# PortLLM: Personalizing Evolving Large Language Models with Training-Free and Portable Model Patches

## Overview 
As large language models (LLMs) increasingly shape the AI landscape, fine-tuning pretrained models has become more popular than in the pre-LLM era for achieving optimal performance in domain-specific tasks. However, pretrained LLMs such as ChatGPT are periodically evolved (i.e., model parameters are frequently updated) making it challenging for downstream users with limited resources to keep up with fine-tuning the newest LLMs for their domain application. Even though fine-tuning costs have nowadays been reduced thanks to the innovations of parameter-efficient fine-tuning such as LoRA, not all downstream users have adequate computing for frequent personalization. Moreover, access to fine-tuning datasets, particularly in sensitive domains such as healthcare, could be time-restrictive, making it crucial to retain the knowledge encoded in earlier fine-tuned rounds for future adaptation. In this paper, we present PORTLLM, a training-free framework that (i) creates an initial lightweight model update patch to capture domain-specific knowledge, and (ii) allows a subsequent seamless plugging for the continual personalization of evolved LLM at minimal cost. Our extensive experiments cover a series of seven representative datasets, from easier question-answering tasks {BoolQ, SST2} to harder reasoning tasks {WinoGrande, GSM8K}, and models including {Mistral-7B, Llama2, Llama3.1, and Gemma2}, validating the portability of our designed model patches and showcasing the effectiveness of our proposed framework. For instance, PORTLLM achieves comparable performance to LoRA fine-tuning with reductions of upto 12.21× in GPU Memory. Finally, we provide theoretical justifications to understand the portability of our model update patches, which offers new insights into the theoretical dimension of large language models’ personalization.

## Setup
```shell
conda create -n portllm python=3.10 -y && conda activate portllm
pip3 install -r requirements.txt
git clone --depth 1 https://github.com/EleutherAI/lm-evaluation-harness
cd lm-evaluation-harness
pip install -e .
cd ..
``` 

## Usage 

**Note** : To fine-tune and use any of the models used in the paper, please make an account on huggingface, and sign in with your token using the huggingface CLI. If you would like to work with local models, this is not necessary.

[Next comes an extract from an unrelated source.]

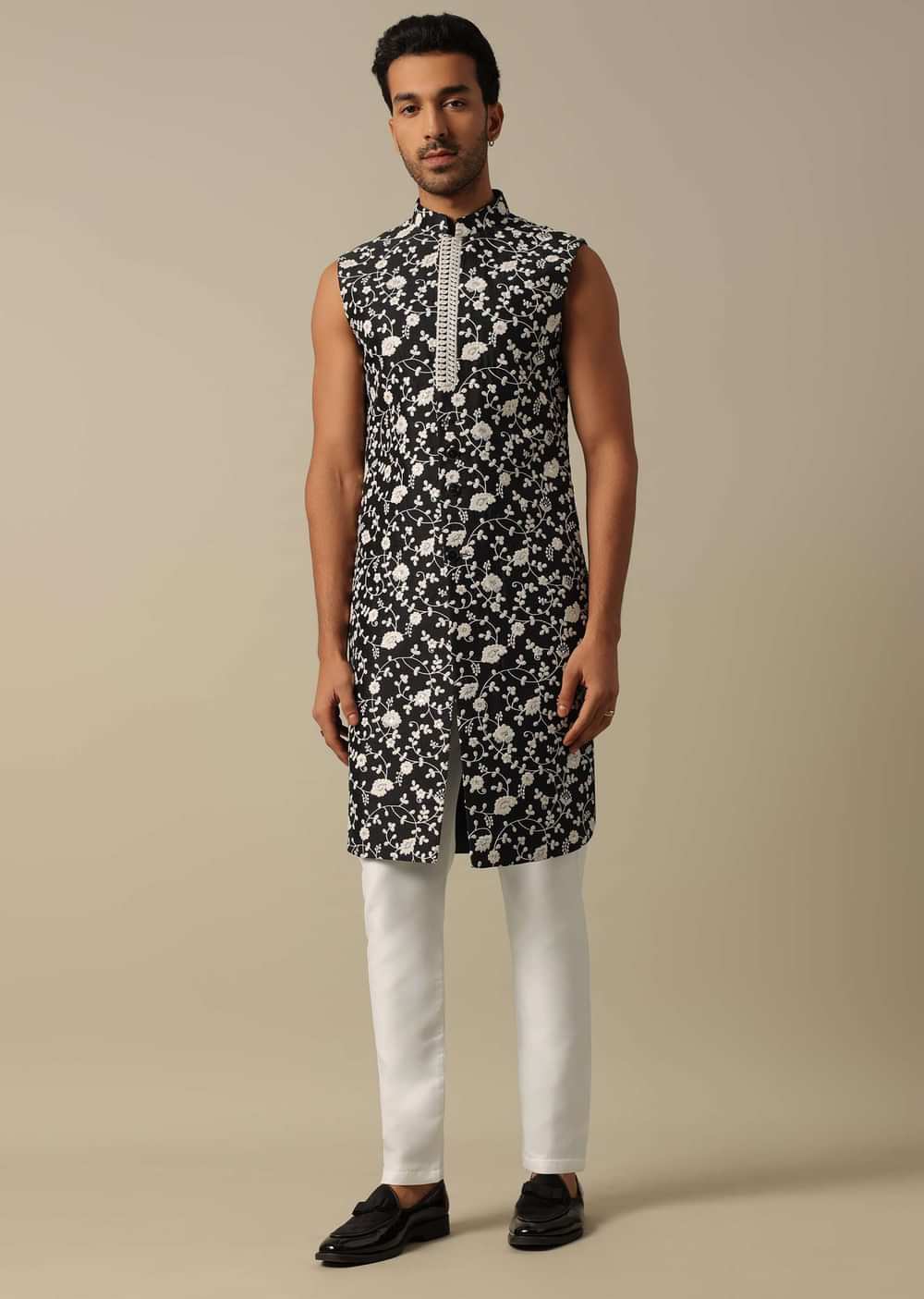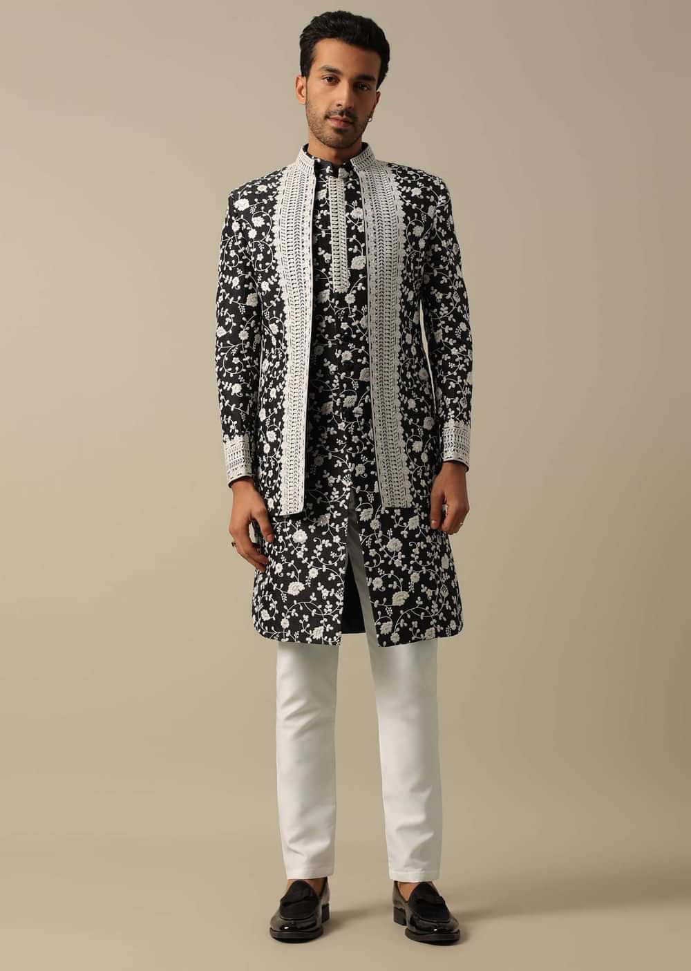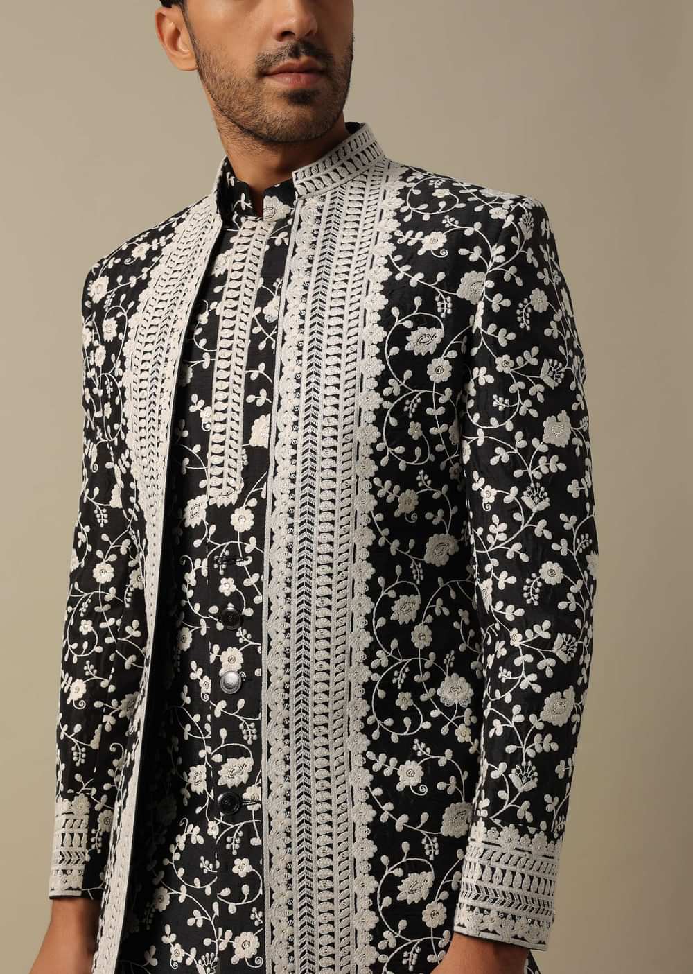 Make a statement at Sangeet with this captivating black Sherwani Set. It features intricate floral thread embroidery with an attached dupatta. The set includes a full sleeved Sherwani a stylish... More Product Details

### Fine-tuning on Downstream tasks 

Replace {dataset} with downstream task you would like to fine-tune on.
```shell
accelerate launch scripts/run_{dataset}.py --max_length=256 --batch_size=4 --num_workers=8 --model_name_or_path="mistralai/Mistral-7B-v0.1" --rank=8 --lora_alpha=16 --lora_dropout=0.1 --lr=1e-4 --num_epochs=10 --seed=1234 --output_dir={OUTPUT_DIR}
```

For example if you would like to reproduce the results on BoolQ for Mistral-7B, you can fine-tune it with the following command

```shell
accelerate launch scripts/run_boolq.py --max_length=256 --batch_size=4 --num_workers=8 --model_name_or_path="mistralai/Mistral-7B-v0.1" --rank=8 --lora_alpha=16 --lora_dropout=0.1 --lr=1e-4 --num_epochs=10 --seed=1234 --output_dir={OUTPUT_DIR}
```
where OUTPUT_DIR is where you would like to store the model adapter. To see all the possible datasets you can fine-tune on please check the scripts folder. 

### Continued Pretraining 

For Continued Pretraining we utilize the Axolotl framework. The config files are under configs folder for Axolotl.

### Evaluation 

To evaluate a model without its adapter on any dataset simply run the following command 

```shell
accelerate launch -m lm_eval --model hf --model_args "pretrained={MODEL}" --tasks "{TASKS}" --num_fewshot 0 --batch_size 32
```
by replacing the {MODEL} with the model of your choice and {TASKS} by the task you would like to evaluate on. For example if you would like to evaluate Mistral-7B on GSM8K simply do the following
```shell
accelerate launch -m lm_eval --model hf --model_args "pretrained=mistralai/Mistral-7B-v0.1" --tasks "gsm8k" --num_fewshot 0 --batch_size 32
```

If you would like to also evaluate the adapter performance run the following command
```shell
accelerate launch -m lm_eval --model hf --model_args "pretrained=mistralai/Mistral-7B-v0.1,peft={PEFT}" --tasks "gsm8k" --num_fewshot 0 --batch_size 32
```
where you can replace {PEFT} with the adapter weights. 

### Merge Adapters 
To merge adapters with the model itself please run the following command 
```shell
python3 merge_adapters.py --base_model_name_or_path {BASE_MODEL} \ 
    --peft_model_path {PEFT_MODEL} \ 
    --output_dir {OUTPUT_DIR} \ 
    --push_to_hub
```
where you can replace the {BASE_MODEL}, {PEFT_MODEL}, and {OUTPUT_DIR} with your choice.